Affaire Epstein : le PS ne réclame pas sa part de méfiance
Le PS déclare dans son post : « Lorsque ces fichiers sortent, ils révèlent bien plus que des crimes sexuels. Ils exposent un monde dissimulé, où l’argent, l’influence et le pouvoir politique circulent à huis clos, loin des regards et des contre-pouvoirs ». Cependant, aucun lien n’a été démontré entre l’affaire Epstein et le gouvernement Michel, le MR et la N-VA.
C’est un post où l’on aperçoit la figure d’Epstein accompagné de la mention : « Quand le gouvernement Michel MR/N-VA se retrouve dans les fichiers Epstein ».
À première vue, on aurait pu croire qu’il s’agissait d’une publication de Laurent Louis, un ancien député du Parti populaire, réputé pour ses théories du complot et son comportement controversé en politique. Cependant, il s’agit bien d’un post émis par le Parti socialiste.
Cela attire logiquement l’attention. Après le Royaume-Uni, où un proche du Premier ministre Keir Starmer a dû démissionner, et après la France avec la démission de Jack Lang, la Belgique semble également concernée par les réseaux d’influence d’Epstein. Le PS entend profiter des révélations en cours et l’affirme au début de son post : « Lorsque ces fichiers sortent, ils révèlent bien plus que des crimes sexuels. Ils exposent un monde dissimulé, où l’argent, l’influence et le pouvoir politique circulent à huis clos, loin des regards et des contre-pouvoirs ».
### Aucun lien à ce stade entre le gouvernement Michel et l’affaire Epstein
Cependant, rien ne relie, pour le moment, l’affaire Epstein au gouvernement Michel, ni au MR ni à la N-VA. Le PS n’étaye aucun lien entre Epstein et le gouvernement de l’époque.

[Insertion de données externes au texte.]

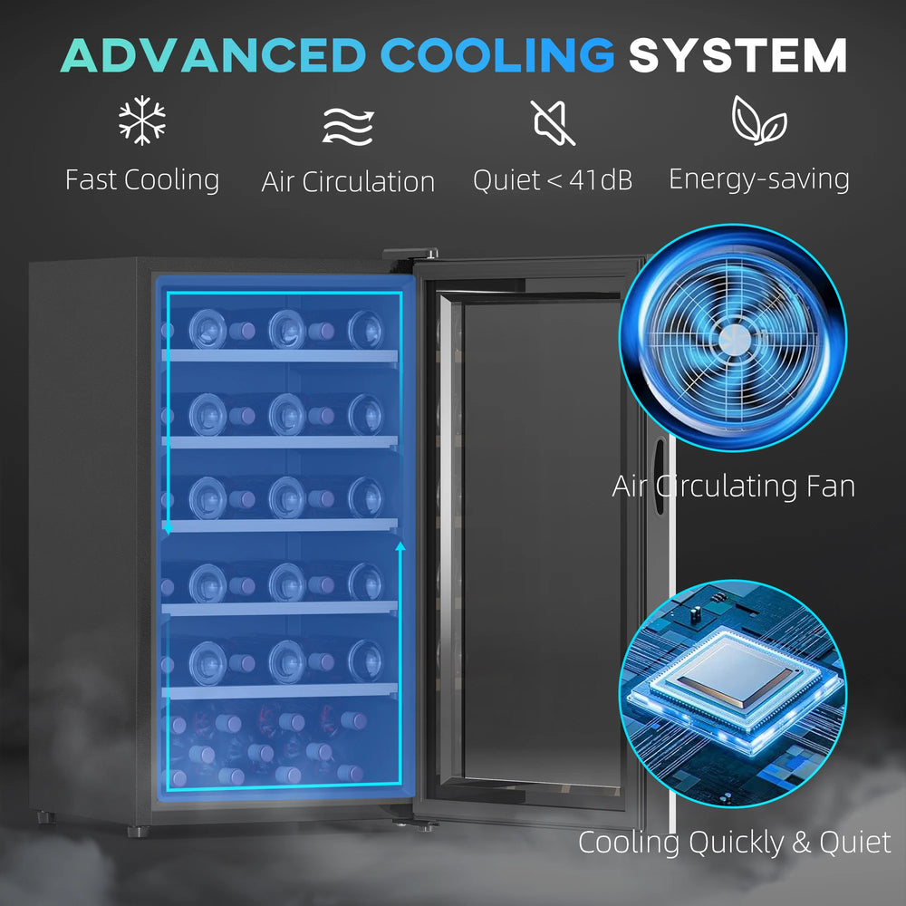 Chill your favourite tipples to perfection with the HOMCOM Wine Fridge with glass door. Precision temperature control from 5-20C lets you cater to whites, prosecco. A simple touch control and LED display ensure hassle-free operation, while the large capacity holds up to 41 bottles on stylish wood finish racks. Great for any spot from home bars to kitchens!

Ce que le PS a découvert dans les fichiers, c’est que Steve Bannon, l’ancien conseiller de Donald Trump, évoque auprès d’Epstein que le gouvernement belge est tombé quelques heures après son intervention lors d’un événement sur le pacte mondial des migrations en 2018.

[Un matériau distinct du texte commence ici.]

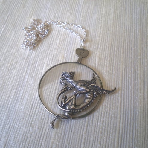 A Vintage glass optical lens has become his resting place. Sheer fantasy in a necklace.

Il n’existe cependant aucune preuve indiquant que cette intervention ait eu une quelconque influence sur le départ de la N-VA. Selon les informations disponibles à l’époque, la décision de la N-VA avait déjà été prise plusieurs semaines avant. Accorder une telle importance à Steve Bannon semble donc exagéré. De plus, rien ne suggère ici une collusion entre le MR, la N-VA et le pédocriminel Epstein, contrairement à ce que la visuel pouvait faire croire.

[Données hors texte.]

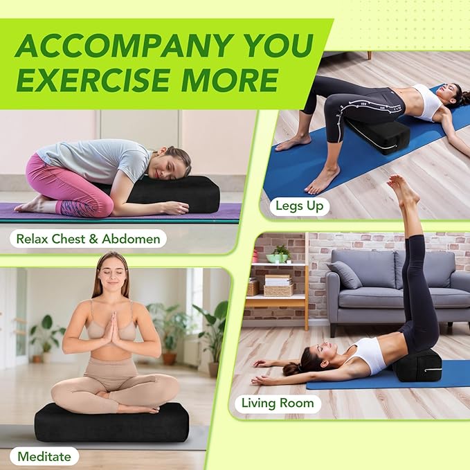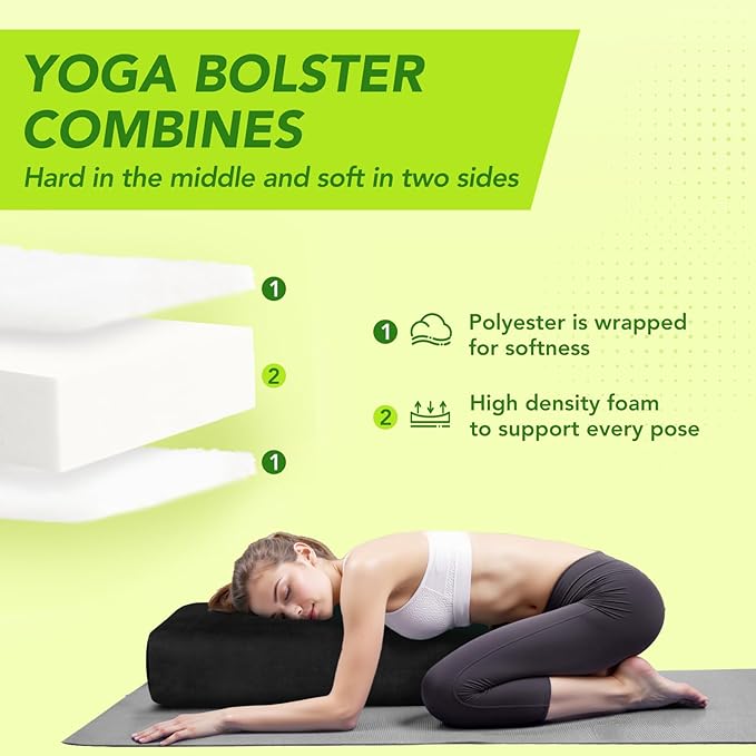 - Supportive Yet Soft / Our yoga meditation bolster adopts 5" high density foam in the middle to provide stable supporting and maintains its shape, while the outer of foam is wrapped polyester for softness and comfort. Not easy to collapse or distort, perfect for relaxation on yoga

### Indignations chez le MR, la N-VA et Les Engagés
Cette publication trompeuse a donc suscité de vives réactions, en particulier de la part du Premier ministre, du MR et des Engagés. Tous ont saisi cette occasion pour attaquer la crédibilité du Parti socialiste, qualifiant ses actions de « bassesses », de « mensonges » ou de « populisme ».
Mais quelle est la raison de cette communication du PS, alors même que le parti semble jouir d’une bonne popularité dans les sondages ? Il semble que la tentation de réaliser un coup politique ait été trop forte. Après sa défaite de 2024, de nombreux responsables du parti ont estimé que le PS avait trop misé sur des éléments rationnels — son bilan au sein du gouvernement De Croo — et avait négligé l’aspect émotionnel, contrairement au MR, aux Engagés ou au PTB. Cette affaire représente une opportunité pour le parti de capitaliser sur une émotion forte : la méfiance envers les élites, partagée par Georges-Louis Bouchez au MR (qui s’attaque aux élites culturelles) et Raoul Hedebouw au PTB (qui vise les élites économiques et politiques). Le PS cherche de plus en plus à jouer ce rôle, avec un brin d’exagération et de mauvaise foi.
Évidemment, une telle stratégie a un coût : elle risque d’affecter l’image de sérieux du parti, qui demeure importante pour une partie de l’électorat. Mais pour combien de temps encore ? C’est l’une des grandes questions de cette décennie politique.